Опять слабо задребезжала струна. Мне этот звук резал слух.
– Хватит! Не хочу я это слушать! – Я схватил кочан и запустил в старуху. – Ну-ка быстро отсюда! А то…
– Плохой сын!
Кожа на ее морщинистой шее заходила как у жабы. Гадость!
– Ты сказала, сын?
– Родную мать не узнаешь? У тебя совесть есть?!
– Моя мать давным-давно умерла.
– Кто бы говорил! Ты сам только что переправился через Сандзу.
– Ты хочешь сказать, что я умер?
Ее рука пробежала по струнам, издавая отвратительные звенящие звуки.
– Прекрати немедленно!
– Все это чепуха! Я никогда не слышал, чтобы мать играла на сямисэне.
– В запредельном мире вкусы меняются. Особенно когда у тебя такой плохой сын. Все меняется быстро. Ты даже моего лица не помнишь?
– Да у тебя лицо нечеловеческое! Ты не человек, а слепая ящерица или сушеный червяк.
– Ты про глаза? Я их продала. Знал бы, как я плакала, когда с ними расставалась! А деньги получила, когда еще была жива…
Вдруг старуха сразу как-то собралась и, размахивая зажатым в правой руке бати[10], завопила:
– Не приближайся! Отойди от меня!
Не похоже, что эти слова были обращены ко мне. Ведь я и шага не сделал в ее сторону. Приближаться к ней я не собирался, даже если бы она меня умолять стала.

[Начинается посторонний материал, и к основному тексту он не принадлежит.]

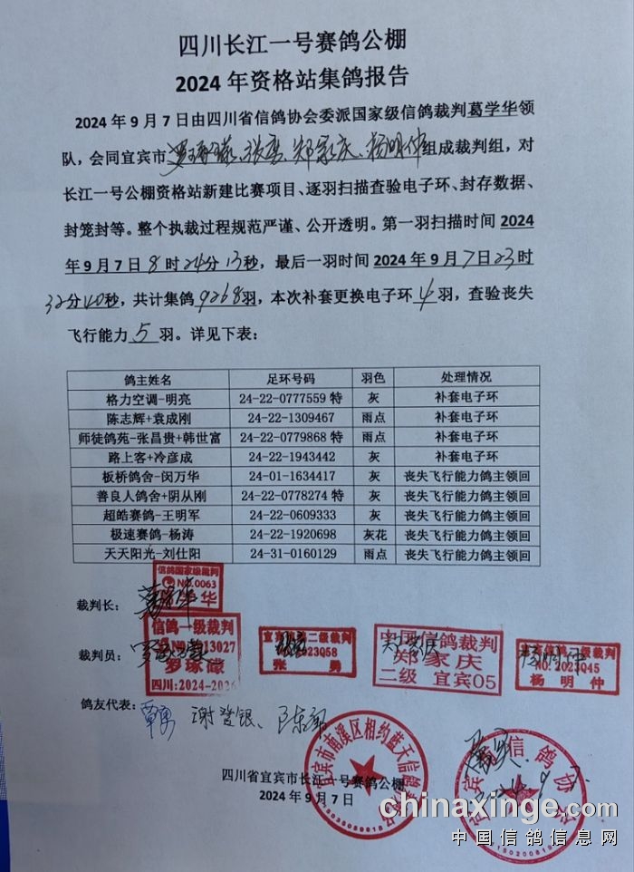 资格站集鸽报告

И тут у самого уха я услышал запомнившийся мне сладкий голос:
– Не дергайся! Я все улажу.
Медсестра в короткой юбке стояла у меня за спиной и дышала мне в ухо. Я почувствовал ее запах. Едва уловимый, даже не запах, а тепло тела. Это была та самая сестра, мастерица брать кровь. Которая спасла меня от охранника в «Дайкокуя», в магазине мирских желаний, и сняла катетер. Сестра в стрекозиных очках.

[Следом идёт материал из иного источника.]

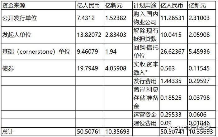 ECWorld REIT在新交所上市,随即对信托单位进行回购,发行及回购完成后总单位共计777,512,000,按发行价0.88计算市值为6.30亿新元。加上同时发放的债券4.06亿,共计计划筹集资金10.36亿新元。

– Как ты узнала, что я здесь? Ты так внезапно появляешься и так же исчезаешь…
– Потом поговорим…
– Ты старуху, похоже, до смерти напугала.
– Потому что я должна взять кровь.
– Странно. Как она поняла, что ты здесь, раз ничего не видит?
– По слуху, наверное.
Сестра облизала губы, извлекла из висевшей на левом плече черной сумки большой шприц на двадцать миллилитров и щелкнула по нему пальцем. Тем же пальцем она тогда щелкнула по моему восставшему пенису в туалете «Мирских желаний».
– Не хочу! – закричала старуха.
– Будь хорошей девочкой, бабулечка. Я только чуть-чуть кровки возьму, и все.
Она переложила шприц в правую руку, переступила через грядку с капустой и потихоньку стала подбираться к старухе.
– Не приближайся! Отойди от меня!
Слух у старухи в самом деле был отменный. Выставив подбородок, она поднялась на одно колено и взяла на изготовку бати, сверкнувший на конце металлическим блеском. Может, у нее там лезвие спрятано?
Кровать превратилась в арену жутковатой схватки старухи, оборонявшейся с помощью бати, которым она размахивала во все стороны (ее движения ассоциировались у меня с листьями, облетающими с дерева гинкго), и Стрекозы, раскачивавшейся на длинных, карамельного цвета ногах, выбирая момент, чтобы нанести укол шприцем. Старуху, похоже, она порядком напугала, но как в такой кутерьме можно взять кровь, я представить не мог. На фоне метаний старухи, отчаянно пытавшейся удержать противницу на расстоянии, движения Стрекозы излучали «сексуальную» уверенность в своих силах. Поношенное синее кимоно против накрахмаленной белой мини-юбки. Спорить не о чем.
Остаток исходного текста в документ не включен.